Разбудила Надю Инга. Тихо тронула за плечо, извинилась будто. Надя подняла голову, уставилась на нее испуганно, часто моргая опухшими веками:

– Ой… А я что, прямо здесь уснула? А который час?

– Уже восемь часов, Надь. Я попрощаться зашла. Домой уезжаю – у меня там проблемы, сама знаешь. Верочку будить не стала – у нее лицо такое измученное… Пусть поспит, ага?

– Погоди, Инга… Позавтракай хоть! Кофе попей…

– Не могу, Надя. На поезд боюсь опоздать. Там поезд проходящий есть, двухчасовой. И на кладбище надо успеть зайти…

– Пойдешь все-таки?

– Ага. Пойду. Ну, пока…

Инга наклонилась, поцеловала сестру в смятую от неудобного спанья щеку, прижалась к ней на секунду своей щекой и быстро пошла к двери, унося с собой непролитые, но уже подкравшиеся к глазам слезы. Выйдя за чугунную калитку усадьбы, обернулась к дому, улыбнулась ему жалко дрожащими губами. Дом без отца. Дом-сирота. Дом Веры, Надежды и… Инги. Любовь ушла из него ночью – кабинет отцовский был пуст, она успела туда заглянуть, уходя. Ушла и сына своего, так отца и не узнавшего, увела. Даже сестер своих тоже толком не узнавшего. Вот и дружи с ними теперь, как хочешь. Исполняй отцовскую волю…

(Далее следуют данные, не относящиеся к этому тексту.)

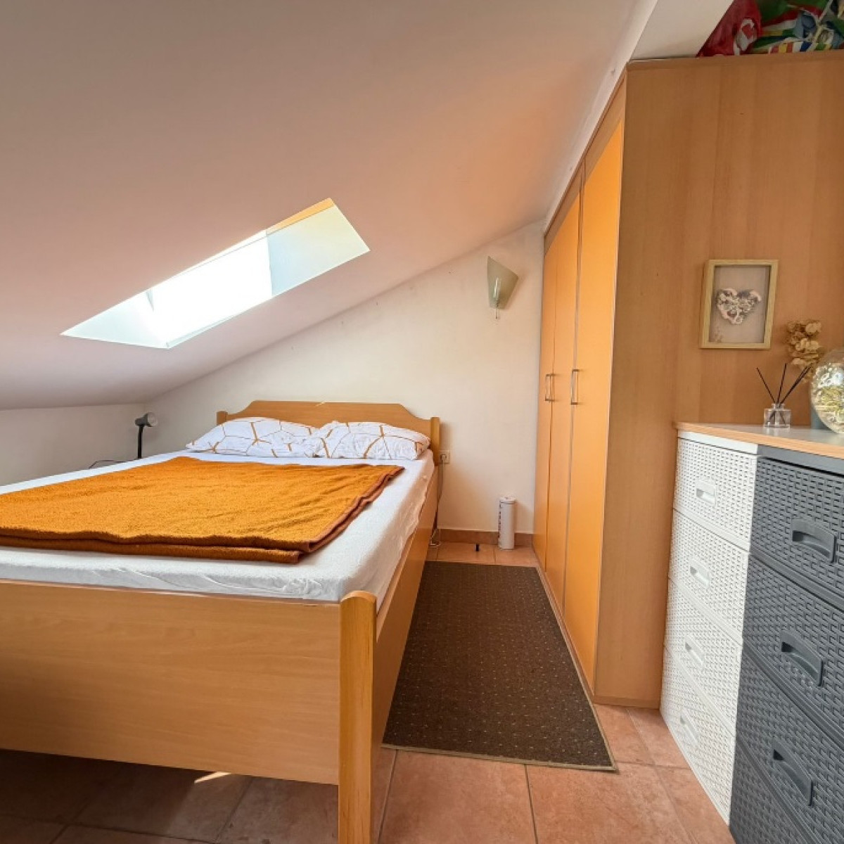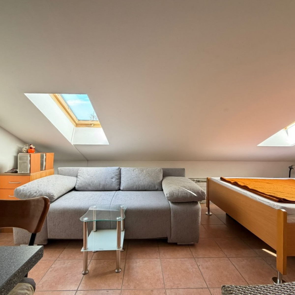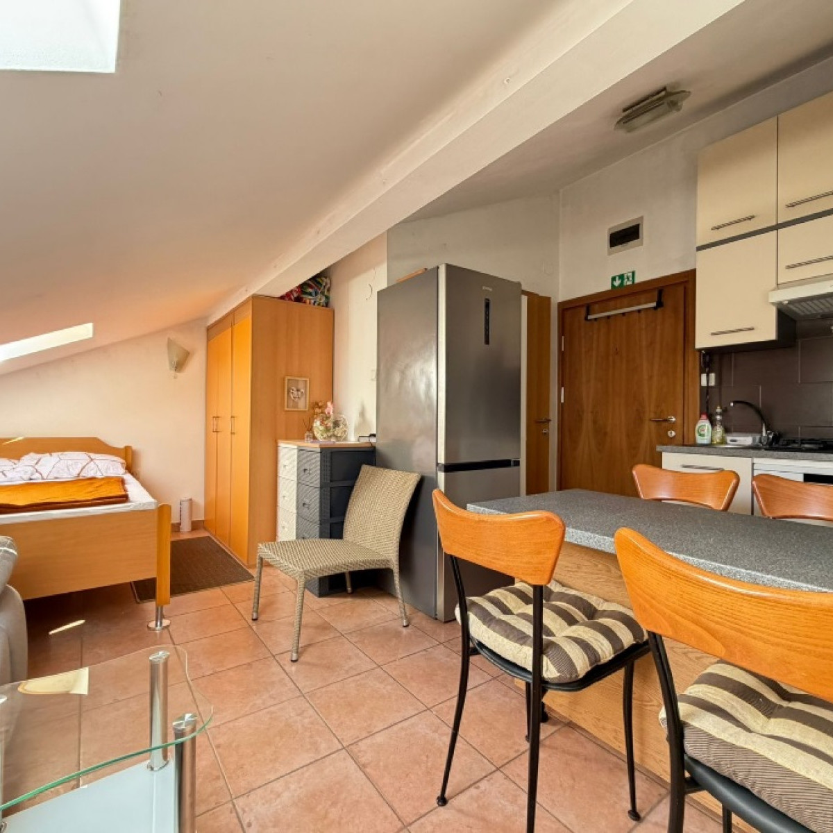 Do apartamentu na poddaszu prowadzą schody w budynku. Ze względu na nachylenie terenu, jego powierzchnia obliczeniowa wynosi 8,46 m², a rzeczywista około 25 m².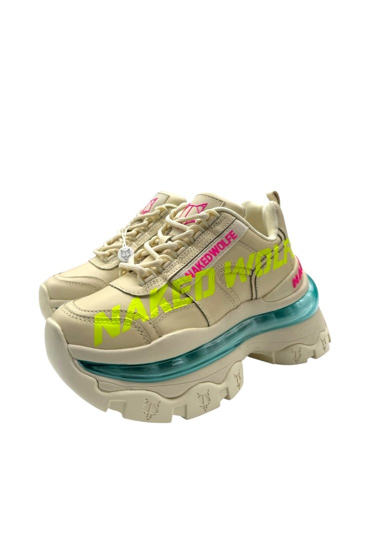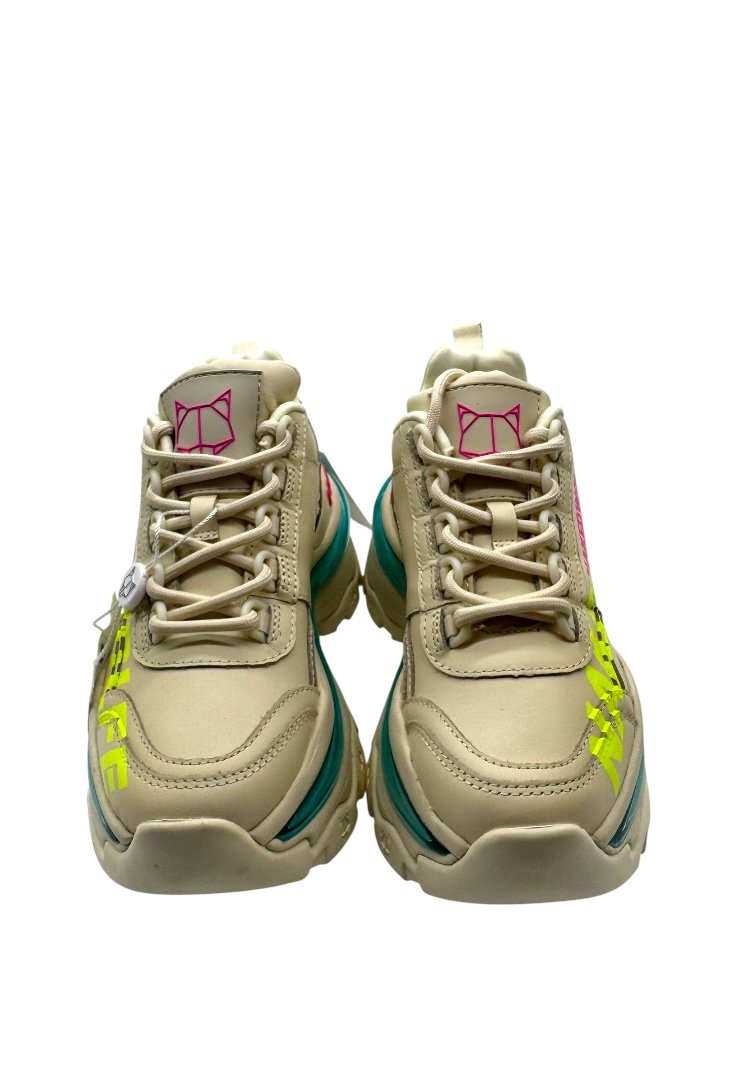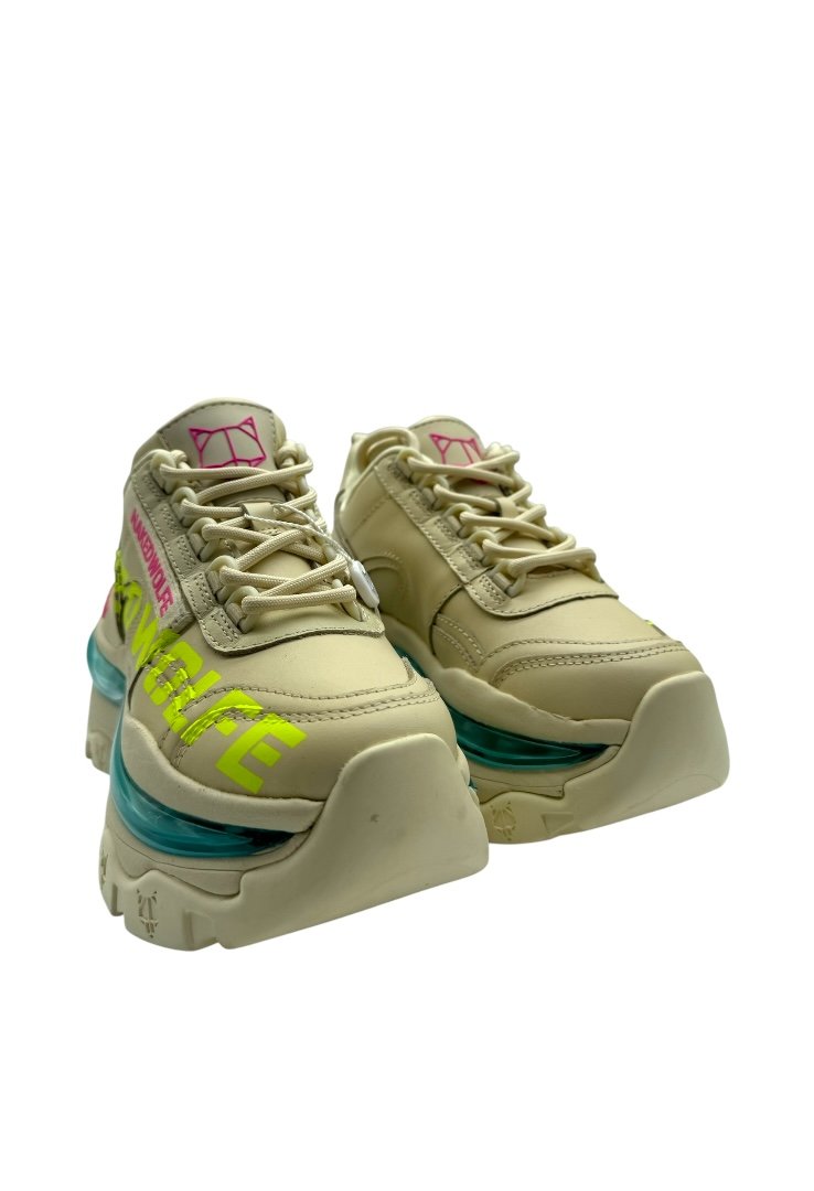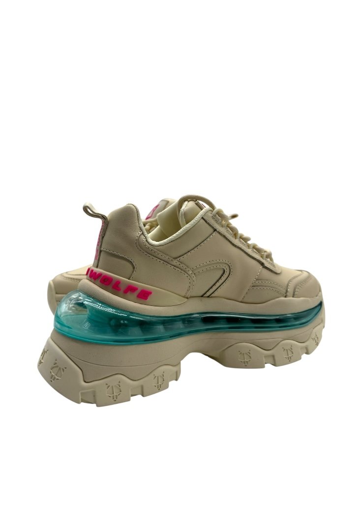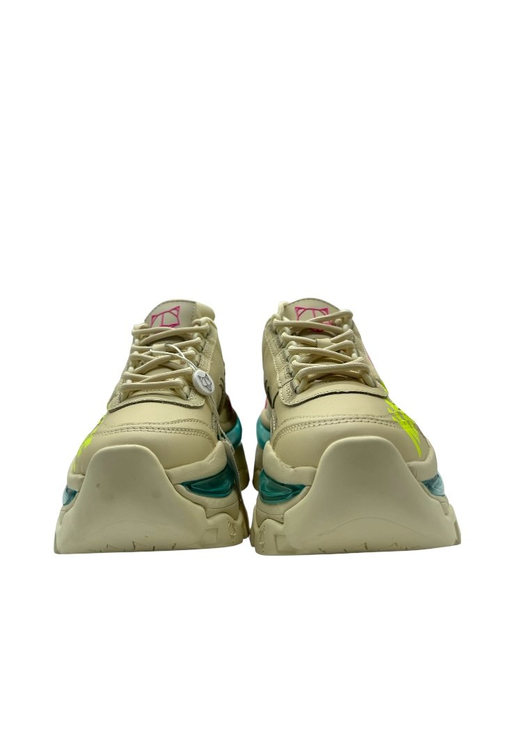Trainers hechos de piel, con cierre de agujetas, suela de goma, suela exterior grabada con láser y bolsillo de burbuja.

Вздохнув напоследок и смахнув со щек тяжелые капли слез, она развернулась и быстро пошла прочь, огибая зеркальные лужи с плавающими поверху мокрыми листьями. Дождь перестал, и даже утреннее солнце проглядывало робко сквозь рваные серые облака – день обещал распогодиться. Да и то – не должно же быть так, чтоб все дождь да дождь! Солнца и в конце октября никто не отменял. А вот и скверик – тот самый, со скамейкой. А возле скверика – машина, красивый мощный джип. А из джипа вдруг выпрыгнул ей навстречу Севка в черном модном плаще – как черт из табакерки. Обошел быстро машину, встал перед ней немым изваянием. Глаза горят синевой, лицо бледное. Не выспался, наверное, или, может, с похмелья утреннего. Протянул руку, впился ей цепко в локоть, подтолкнул слегка на переднее сиденье. Она даже ослушаться не посмела, села, посмотрела на него не то чтобы удивленно, а с насмешливым интересом – давай-давай, мол, посмотрим, что дальше будет…

– Так. Давай-ка поговорим с тобой, подруга! – развернулся он к ней всем корпусом, усевшись на свое водительское сиденье. – Расскажи-ка мне о свой жизни во всех подробностях. А то чего только вчера я о тебе не наслушался – и про мужа твоего, и про его мать, которую он на твою хрупкую шею повесил… Это что, все правда?

– Правда, Севка. Просто звучит это из твоих уст несколько… вульгарно, а так все правда. И муж мой тут ни при чем. Я сама на это пошла. Вернее, согласилась. Договор у нас такой получился, понимаешь? Джентльменское соглашение.

– Какой договор? О чем?

– Да ну… Тебе-то какое дело? Зачем это все тебе?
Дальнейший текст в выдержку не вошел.